═════ EXERCISE MATERIALS

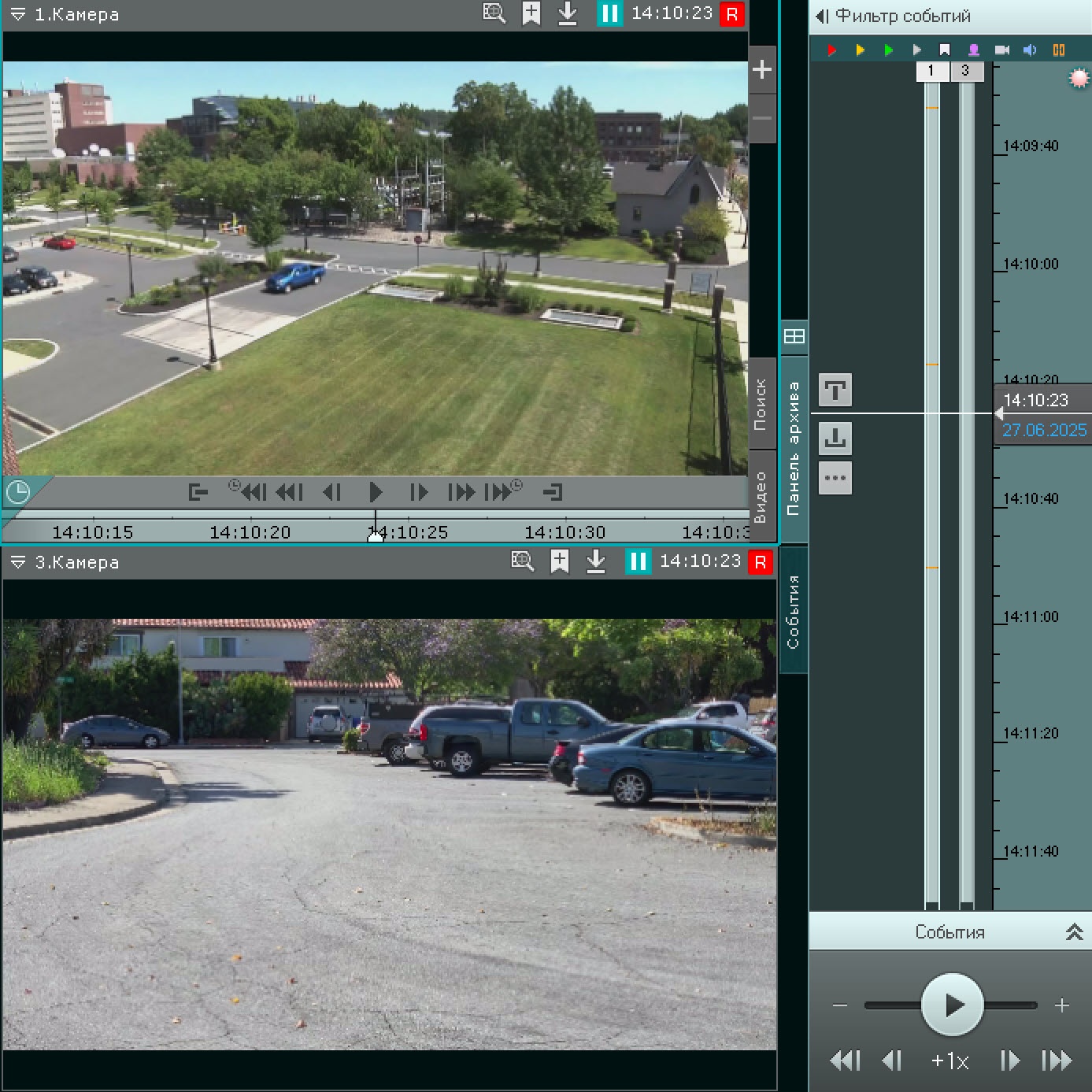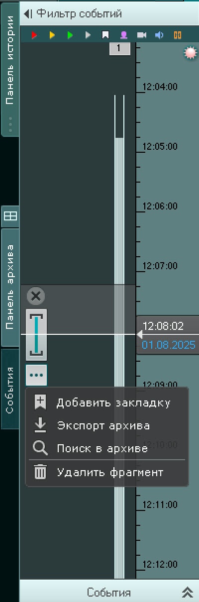 Начиная с версии ПК Интеллект Х 5.0.8, если ни одна камера на раскладке не находится в режиме архива, временные шкалы на панели навигации не будут отображаться.
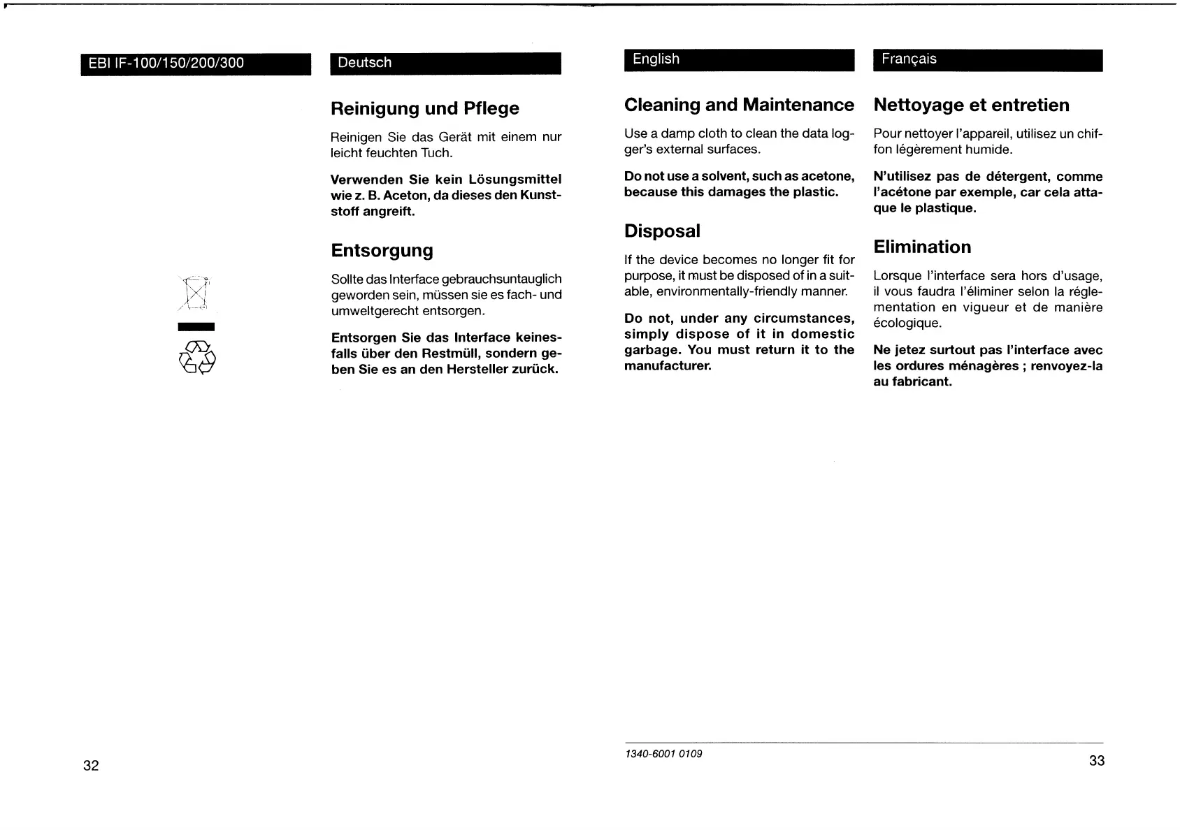 Ebro EBI IF-100 - Nettoyage et Entretien
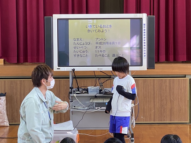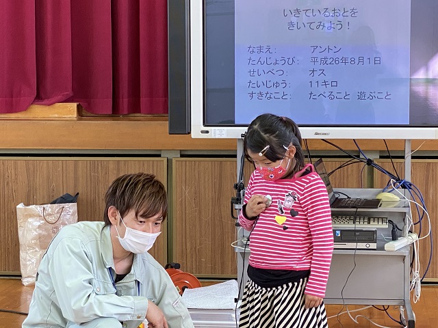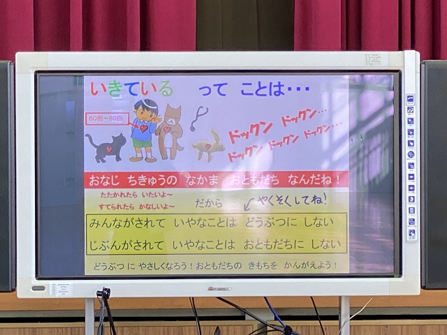 飼い主がいなくなり保健所のアイドルになったアントンの『いきているおと』(心音)を聞きました。最後にペットを飼うときの約束を学びました。
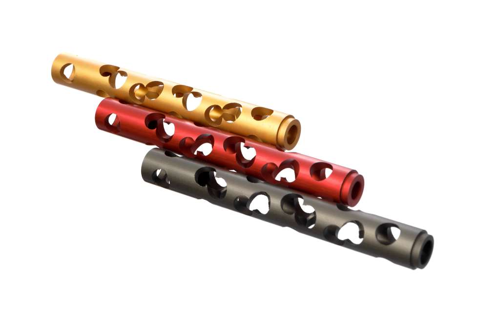 В комплекте с глушителем идёт четыре сменные вставки, что даёт возможность использовать его с несколькими калибрами.
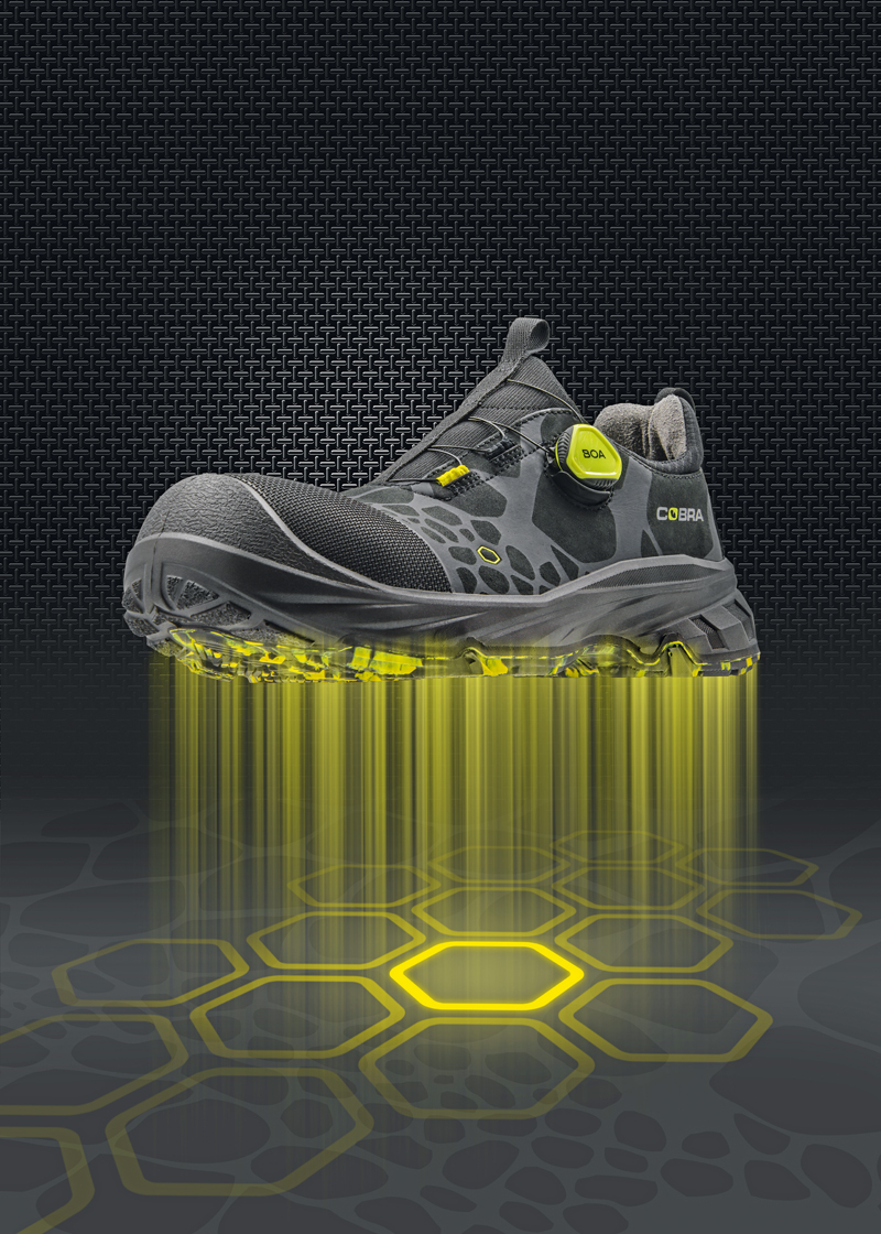 Die neuen Modelle der »Sievi Cobra«-Serie vereinen den Sicherheitsaspekt mit hohem Komfort im Arbeitsalltag. Durch spezielle Leisten und die aus Kompositkunststoff geformte Zehenkappe soll eine fußfreundliche Passform ermöglicht werden. Darüber hinaus sorge die neue, strapazierfähige Antirutschsohle »TractionPro« für optimalen Halt auf jedem Untergrund. Zusätzlich hervorgehoben wird die sich zum Boden hin verbreiternde Laufsohle: Durch dieses Design soll die stoßdämpfende Wirkung auf die tragenden Fußzonen zusätzlich erhöht werden. Zudem wird die Stoßdämpfung durch das elastische »FlexEnergy«-Element, das mehr als 55 Prozent der kinetischen Energie auffängt und an den Bewegungsapparat zurückgibt, maximiert. Auch die integrierte
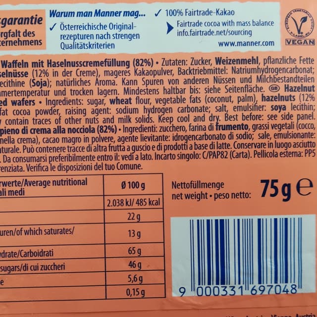 Wafer vegan, gusto nocciola. Fragranti, molto buoni, forse un po' troppo dolci ma comunque buoni. Piuttosto peccato per gli olii di palma e cocco. In Italia si trovano saltuariamente da Lidl, se no mercato tedesco.
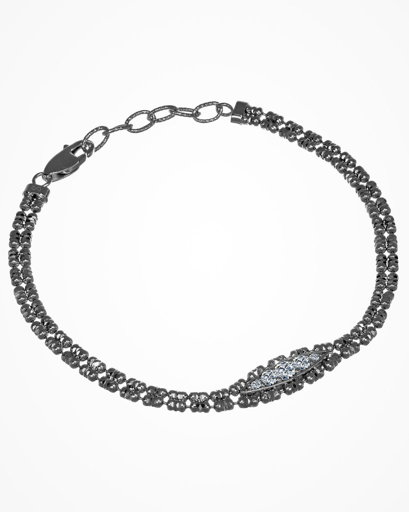Silver bracelet made of four diamond-cut bead chains linked together and embellished with zircon-set features.

══════════

**TASK DESCRIPTION:** What is needed here is an exact copy of all the entries, without the pictures.

**REPLY:**
 Начиная с версии ПК Интеллект Х 5.0.8, если ни одна камера на раскладке не находится в режиме архива, временные шкалы на панели навигации не будут отображаться.
 Ebro EBI IF-100 - Nettoyage et Entretien
 飼い主がいなくなり保健所のアイドルになったアントンの『いきているおと』(心音)を聞きました。最後にペットを飼うときの約束を学びました。
 В комплекте с глушителем идёт четыре сменные вставки, что даёт возможность использовать его с несколькими калибрами.
 Die neuen Modelle der »Sievi Cobra«-Serie vereinen den Sicherheitsaspekt mit hohem Komfort im Arbeitsalltag. Durch spezielle Leisten und die aus Kompositkunststoff geformte Zehenkappe soll eine fußfreundliche Passform ermöglicht werden. Darüber hinaus sorge die neue, strapazierfähige Antirutschsohle »TractionPro« für optimalen Halt auf jedem Untergrund. Zusätzlich hervorgehoben wird die sich zum Boden hin verbreiternde Laufsohle: Durch dieses Design soll die stoßdämpfende Wirkung auf die tragenden Fußzonen zusätzlich erhöht werden. Zudem wird die Stoßdämpfung durch das elastische »FlexEnergy«-Element, das mehr als 55 Prozent der kinetischen Energie auffängt und an den Bewegungsapparat zurückgibt, maximiert. Auch die integrierte
 Wafer vegan, gusto nocciola. Fragranti, molto buoni, forse un po' troppo dolci ma comunque buoni. Piuttosto peccato per gli olii di palma e cocco. In Italia si trovano saltuariamente da Lidl, se no mercato tedesco.
Silver bracelet made of four diamond-cut bead chains linked together and embellished with zircon-set features.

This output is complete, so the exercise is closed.